The proposal — particularly the immunity provision — represents a major victory for the White House after months of dispute.

“I think the White House got a better deal than even they had hoped to get,” said Senator Christopher S. Bond, Republican of Missouri, who led the negotiations.

The White House immediately endorsed the proposal, which is likely to be voted on in the House on Friday and in the Senate next week.

While passage seems almost certain in Congress, the plan will nonetheless face opposition from lawmakers on both political wings, with conservatives asserting that it includes too many checks on government surveillance powers and liberals asserting that it gives legal sanction to a wiretapping program that they maintain was illegal in the first place.

Senator Russ Feingold, Democrat of Wisconsin, who pushed unsuccessfully for more civil liberties safeguards in the plan, called the deal “a capitulation” by his fellow Democrats.

[…] The arcane details of the proposal amount to a major overhaul of the landmark surveillance law known as the Foreign Intelligence Surveillance Act, which Congress passed in 1978 after the abuses of the Watergate era. But much of the debate over the bill in the last six months has been dominated by the separate question of whether to protect the phone companies from legal liability for their role in the eavesdropping program.

On that score, the bipartisan proposal marks a clear victory for the White House and the phone companies.

The proposal allows a district judge to examine what are believed to be dozens of written directives given by the Bush administration to the phone companies after the Sept. 11 attacks authorizing them to engage in wiretapping without warrants. If the court finds that such directives were in fact provided to the companies that are being sued, any lawsuits “shall be promptly dismissed,” the proposal says.

Even Democratic officials, who had initially opposed giving legal immunity to the phone companies, conceded there was a high likelihood that the lawsuits would have to be dismissed under the standards set out in the proposal. That possibility infuriated civil liberties groups, which said the cursory review by a district judge would amount to the de facto death of the lawsuits.

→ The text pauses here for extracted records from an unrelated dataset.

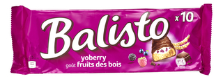 Biscuit aux céréales complètes (36%) et crème goût fruits des bois, le tout enrobé de chocolat au lait (39%). Biscuit aux céréales complètes (36%), crème goût fruits des bois, le tout enrobé de chocolat au lait (39%).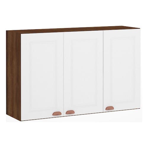 Desenvolvido com materiais de altíssima qualidade, o Armário Safira para Cozinha 120 cm 3 Portas Luciane oferece excelente distribuição de espaço interno. Dobradiças Slowmotion com amortecedor incorporado para fechamento suave das portas e Puxadores tipo concha PS Cobre.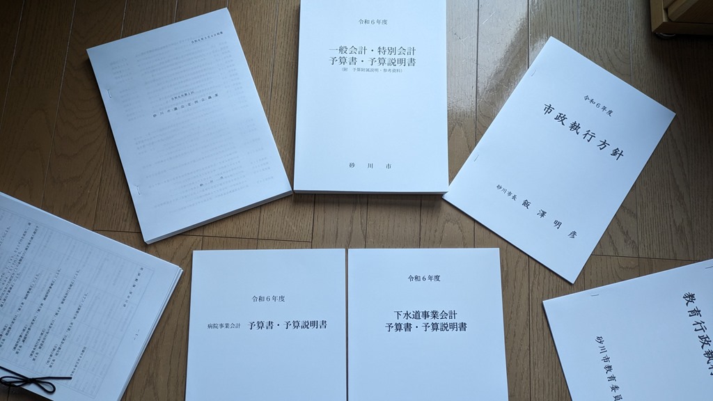 左から令和5年度の補正予算、条例改正などの議案書、令和6年度一般会計等予算書(分厚いです)、市政執行方針、教育行政執行方針。そして、下に並べた左は令和6年度病院事業会計予算書と右は下水道事業会計予算書です。

“No matter how they spin it, this is still immunity,” said Kevin Bankston, a senior lawyer for the Electronic Frontier Foundation, a pro-privacy group that is a plaintiff suing over the wiretapping program. “It’s not compromise; it’s pure theater.”

See What Nancy Pelosi, Steny Hoyer and Fred Hiatt mean by “bipartisanship”

Later: O-M-G — Obama says he supports FISA compromise — right now, it’s going to be a tough Election Day – *this* is the candidate for “change?”